Given material:
========================

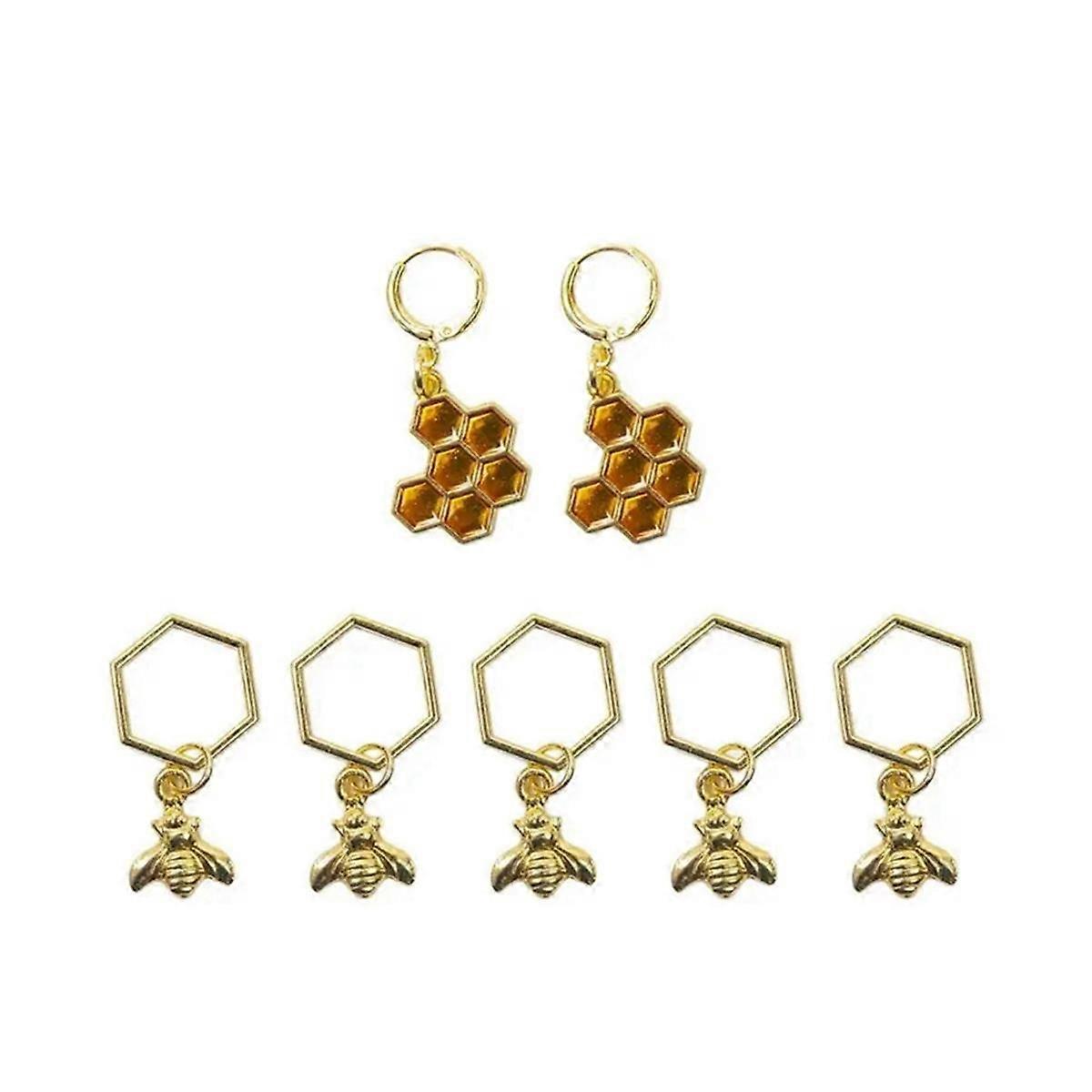 Hexagon Bee Pendants Knitting Markers Gold Color Crochet Locking Needle Clip Knitting Tools Sewing Supplies,D
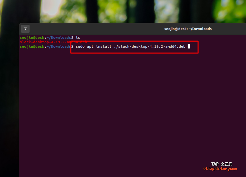 ▼ 3. 다음 sudo apt install 명령어를 사용해서 Slack 패키지를 설치합니다.
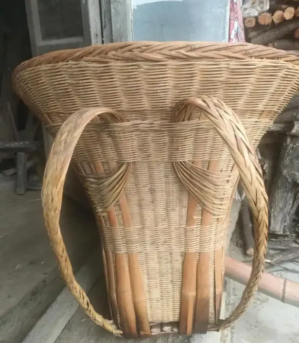 竹篾编得密不透风的背篼,有点像北方的背筐,可这种可不只装菜装柴,小时候谷收回来,家里人就专门用这个,小粒的玉米稻谷往里一倒,怎么晃都“漏不掉”,山里务农靠它驮肥料、挑淋水、小孩爬上爬下还喜欢钻进去藏猫猫,没人专门教怎么背,家里大人一绑带子,肩膀卡一靠就能走半山头,过去乡里乡亲讲背篼看手艺,有的编得粗,有的编得细,背着走了几十年不散架,现在超市塑料袋一拎,背篼在门角落灰,年轻人只把它当摆设用了。
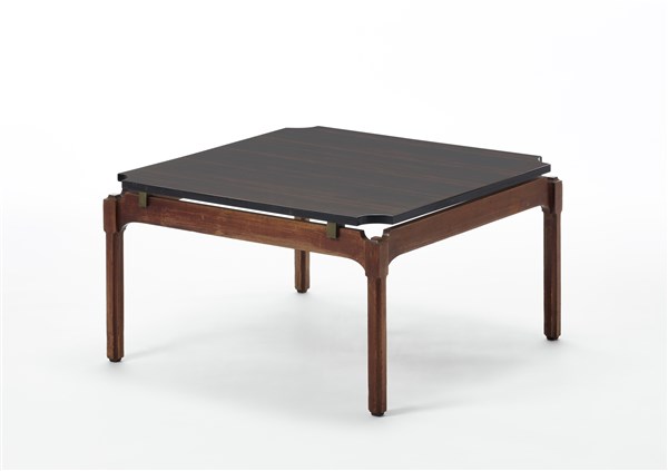 Coffee table. Italy, 1959ca. Solid mahogany structure, square top veneered in Indian rosewood, spacers in cast brass. (65x35x65 cm.) (slight defects)

========================

From the first line to the last, return the material above exactly, apart from the pictures.

 Hexagon Bee Pendants Knitting Markers Gold Color Crochet Locking Needle Clip Knitting Tools Sewing Supplies,D
 ▼ 3. 다음 sudo apt install 명령어를 사용해서 Slack 패키지를 설치합니다.
 竹篾编得密不透风的背篼,有点像北方的背筐,可这种可不只装菜装柴,小时候谷收回来,家里人就专门用这个,小粒的玉米稻谷往里一倒,怎么晃都“漏不掉”,山里务农靠它驮肥料、挑淋水、小孩爬上爬下还喜欢钻进去藏猫猫,没人专门教怎么背,家里大人一绑带子,肩膀卡一靠就能走半山头,过去乡里乡亲讲背篼看手艺,有的编得粗,有的编得细,背着走了几十年不散架,现在超市塑料袋一拎,背篼在门角落灰,年轻人只把它当摆设用了。
 Coffee table. Italy, 1959ca. Solid mahogany structure, square top veneered in Indian rosewood, spacers in cast brass. (65x35x65 cm.) (slight defects)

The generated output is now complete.